> **Supplied information**:
====

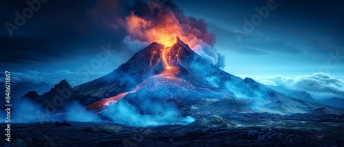 volcanic, eruption, lava, smoke, ash, dramatic, sky, natural, disaster, magma, explosive, geology, activity, plume, erupting, mountain, landscape, danger, power, force, catastrophic, fiery, cloud, molten, earth, explosion, atmospheric, geologic, phenomena, seismic, debris, hazard, dangerous
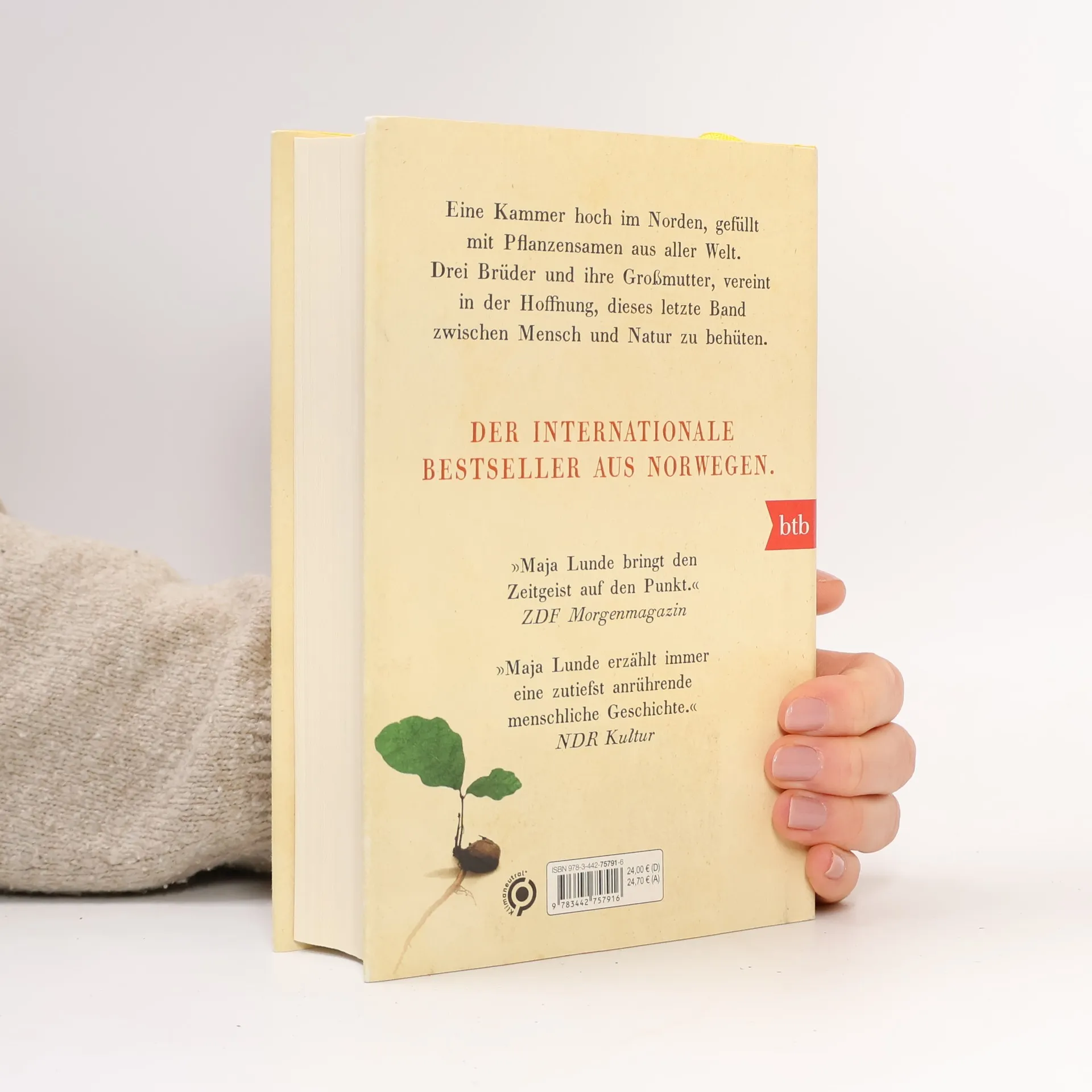Das große Finale des Klimaquartetts Eine Kammer hoch im Norden, gefüllt mit Pflanzensamen aus aller Welt. Drei Brüder und ihre Großmutter, vereint in der Hoffnung, dieses letzte Band zwischen Mensch und Natur zu behüten.Tommy wächst in der kargen Landschaft Spitzbergens mit zwei Brüdern bei seiner geliebten Großmutter auf. Als wichtigste Lebensweisheit gibt sie ihm mit: In einer großflächig zerstörten Welt ist die Saatgutkammer ein Schatz, der mit allen Mitteln beschützt werden muss. Tommy soll diese Aufgabe später von seiner Großmutter übernehmen. In eindrucksvollen Bildern und mit viel Wärme erzählt Maja Lunde von der Bedeutung des Familienzusammenhalts und von unserem Umgang mit der Natur. Sie beschäftigt sich mit den drängenden Fragen unserer Zeit: Wie wurde der Mensch zu einer Spezies, die alles verändert hat? Und sind wir selbst eine bedrohte Art?
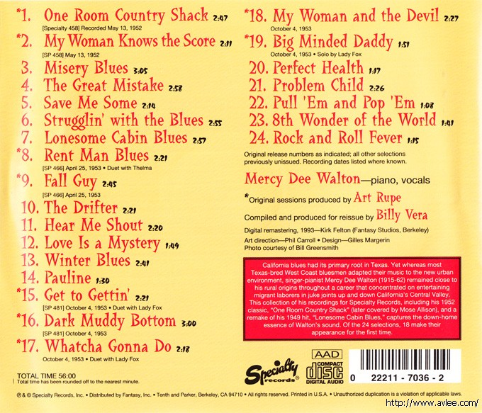 JAZZCD名称:One Room Country Shack 艺术家名称:Mercy Dee Walton发行公司:SPECIALTY发行编号:SPCD-7036-2发行日期:1993年

====

> **Exercise requirements**: Nothing but the listing, copied exactly and stripped of its images, should appear in the response.

> **The answer**:
 volcanic, eruption, lava, smoke, ash, dramatic, sky, natural, disaster, magma, explosive, geology, activity, plume, erupting, mountain, landscape, danger, power, force, catastrophic, fiery, cloud, molten, earth, explosion, atmospheric, geologic, phenomena, seismic, debris, hazard, dangerous
Das große Finale des Klimaquartetts Eine Kammer hoch im Norden, gefüllt mit Pflanzensamen aus aller Welt. Drei Brüder und ihre Großmutter, vereint in der Hoffnung, dieses letzte Band zwischen Mensch und Natur zu behüten.Tommy wächst in der kargen Landschaft Spitzbergens mit zwei Brüdern bei seiner geliebten Großmutter auf. Als wichtigste Lebensweisheit gibt sie ihm mit: In einer großflächig zerstörten Welt ist die Saatgutkammer ein Schatz, der mit allen Mitteln beschützt werden muss. Tommy soll diese Aufgabe später von seiner Großmutter übernehmen. In eindrucksvollen Bildern und mit viel Wärme erzählt Maja Lunde von der Bedeutung des Familienzusammenhalts und von unserem Umgang mit der Natur. Sie beschäftigt sich mit den drängenden Fragen unserer Zeit: Wie wurde der Mensch zu einer Spezies, die alles verändert hat? Und sind wir selbst eine bedrohte Art?
 JAZZCD名称:One Room Country Shack 艺术家名称:Mercy Dee Walton发行公司:SPECIALTY发行编号:SPCD-7036-2发行日期:1993年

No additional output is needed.